Symmetric Key: The actual symmetric key, represented in hexadecimal.

With this structure, it’s straightforward to generate SSLKEYLOG files during TLS 1.3 handshakes. This is invaluable for real-time debugging and troubleshooting.

arch-01

Implementation Details

First, I genuinely appreciate the simplifications TLS 1.3 introduced compared to TLS 1.2—it made the implementation process much easier for me.

I also owe a lot to the ring crate, which handled the security algorithms I didn’t want to dive into myself. For instance, it provides X25519 for the ECDH asymmetric key exchange, as well as other complex algorithms like AES-GCM and HKDF, which I mentioned earlier.

The Pitfall with HKDF

However, I ran into a frustrating issue with HKDF, which cost me quite a bit of time. Looking back, the main reason was my unfamiliarity with the algorithm’s specifics. This led to mistakes when calling the interface provided by ring. My initial thought was simple: just supply the necessary inputs for HKDF, and it should work.

But the Prk::expand interface turned out to be unexpectedly cumbersome. Its info parameter, a byte array, has a somewhat archaic assembly process. If this were C code, I wouldn’t have minded. But since it’s Rust, I feel like ring could at least provide a simple wrapper instead of leaving me to figure out how to construct it myself. 😭

It took me some time digging through the implementation in the rustls crate to get a better idea of how to use it. The documentation for the related interface was also quite sparse, offering no explanation about the info parameter and only linking to the HKDF RFC. It seems ring assumes only security professionals would use it—clearly not expecting someone like me, a security novice, to dabble with it.

Challenges with the TLS 1.3 RFC

Another source of frustration was the TLS 1.3 RFC’s description of HKDF derivation details. It’s very concise, which isn’t exactly beginner-friendly for someone who just wants to quickly implement a prototype of TLS 1.3 HKDF key derivation.

To be clear, I’m not saying the RFC is poorly written—on the contrary, it’s excellent.
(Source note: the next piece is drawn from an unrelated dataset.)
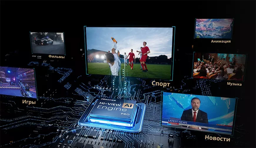 За обработку изображения отвечает фирменный процессор Hi-View Al Engine PRO, в котором встроено множество технологий, каждая из которых отвечает за свой участок работы. Если входящий видеосигнал имеет разрешение ниже 4K, его обработкой занимается нейросеть AI 4K Upscaler, обученная на эксклюзивном наборе пресетов. Она анализирует каждый кадр и масштабирует изображение до качества, максимально приближенного к 4K UHD. Следующая – AI HDR Upscaler – за счет локального управления контрастностью может не только улучшить контент HDR10 до близкого к HDR10+, но и расширить динамический диапазон обычного SDR-сигнала. С помощью встроенного датчика AI Chroma Light Sensor адаптирует изображение к условиям освещения, а определение цветовой гаммы в помещении позволяет управлять как яркостью, так и цветом изображения.
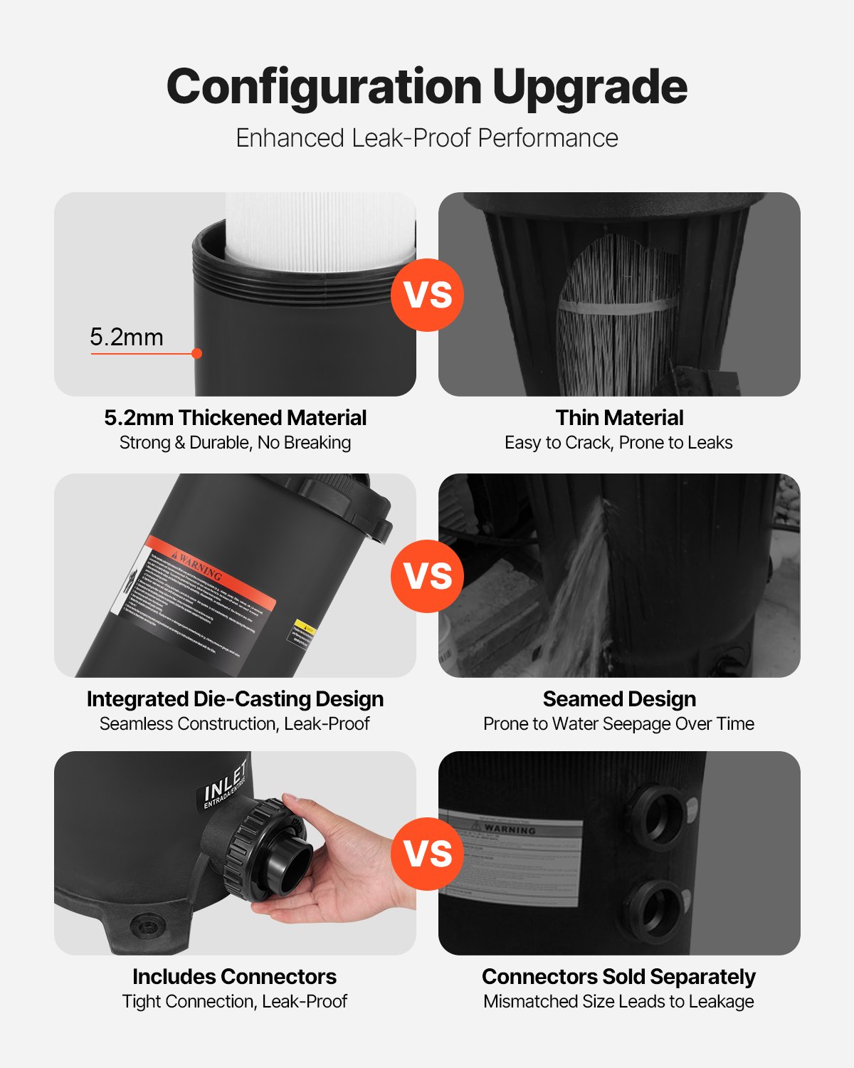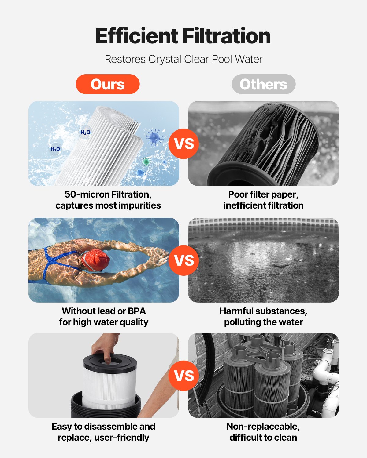 Durable & Sturdy: This pool cartridge filter features a PP + fiberglass outer shell with an increased wall thickness of 5.2mm, providing strength and durability. It easily withstands fluctuating outdoor weather, reducing the risk of leaks caused by aging or cracking.

But for me, understanding it required extra time. I also had to print every key at each stage and compare them with OpenSSL’s implementation to get the code working.

A particularly helpful resource was the TLS 1.3 key generation example. This document saved me a lot of effort. To be honest, I found it by brute-forcing a Google search with the hex representation of a fixed key used in the early stages of TLS 1.3. 😉

Cutting Corners for Learning

In the end, to complete the handshake process, I ensured the client’s finished message was generated strictly according to the RFC. This guaranteed no validation issues on the peer’s side.
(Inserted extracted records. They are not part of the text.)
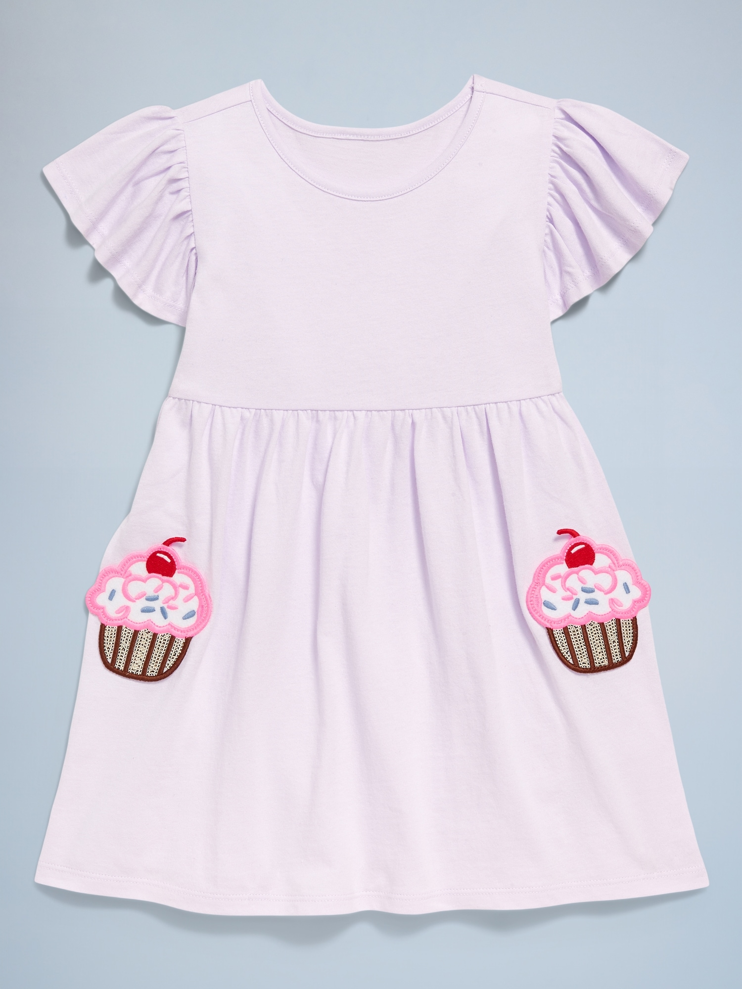 Birthday Embroidered Pockets Fit and Flare Dress for Toddler Girls: The (Bestest) Birthday Shop!square neckline, short flutter sleeves, smocked backing, full skirt, all-over print, online exclusive, #694828
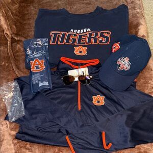 Classic navy blue crewneck sweater by Champion. Features bold logo design. Comfortable and stylish. NWT shades& Adult poncho included as well as pullover
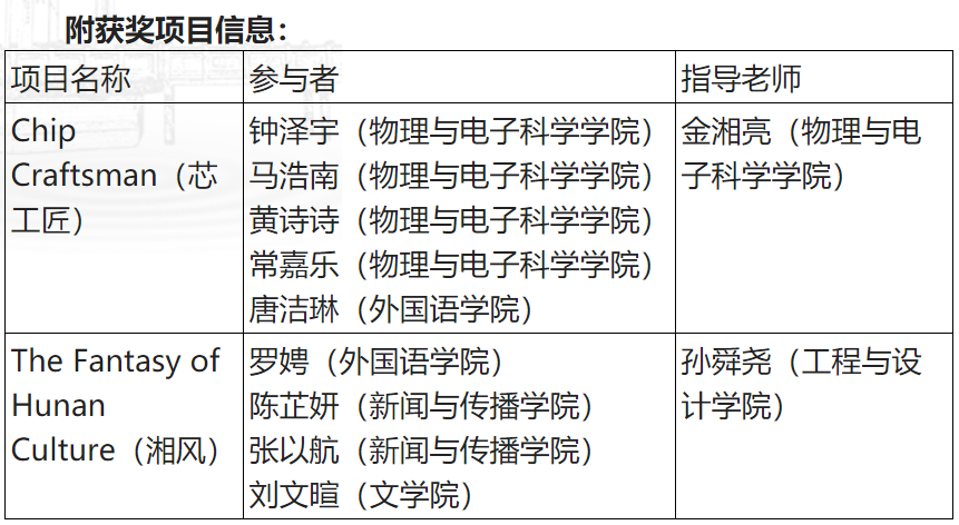 我校物理与电子科学学院本科生钟泽宇等负责的项目“Chip Craftsman”(芯工匠)获大赛一等奖,外国语学院本科生罗娉等负责的项目“The Fantasy of Hunan Culture”(湘风)获大赛三等奖。

However, I skipped verifying the certificate and finished messages sent by the server. As I mentioned earlier, this project is just a learning tool. Perhaps one day I’ll get serious and adopt a robust, efficient, and well-known SSL library to support feather-quic properly.

Epilogue

At this point, the QUIC handshake is almost complete. The only remaining part related to QUIC-TLS is the most challenging and interesting aspect: 0-RTT implementation. However, before diving into 0-RTT, I want to finish implementing QUIC ARQ because, without a retransmission confirmation mechanism, QUIC can't truly be considered functional. Once I complete the basic functionality of QUIC, I'll revisit and tackle the highly intriguing 0-RTT.

Also, I need to carefully plan how to test all the edge cases, as many scenarios are quite difficult to test. But I'll tackle that work as I move forward with implementing additional features.

Here are the related PR and branch for this article’s implementation. The progress has been delayed a bit, mainly because Overwatch China server relaunched, so I’ve been playing a bit every day. Additionally, I’ve been trying out Marvel Duel (learning new games is way harder than learning new technologies, really 😅), and I still haven’t completed my Diablo IV Season 6 battle pass tasks. This past weekend, I couldn’t resist and stayed up late watching Slow Horses Season 3 and 4—it was exhausting 😭.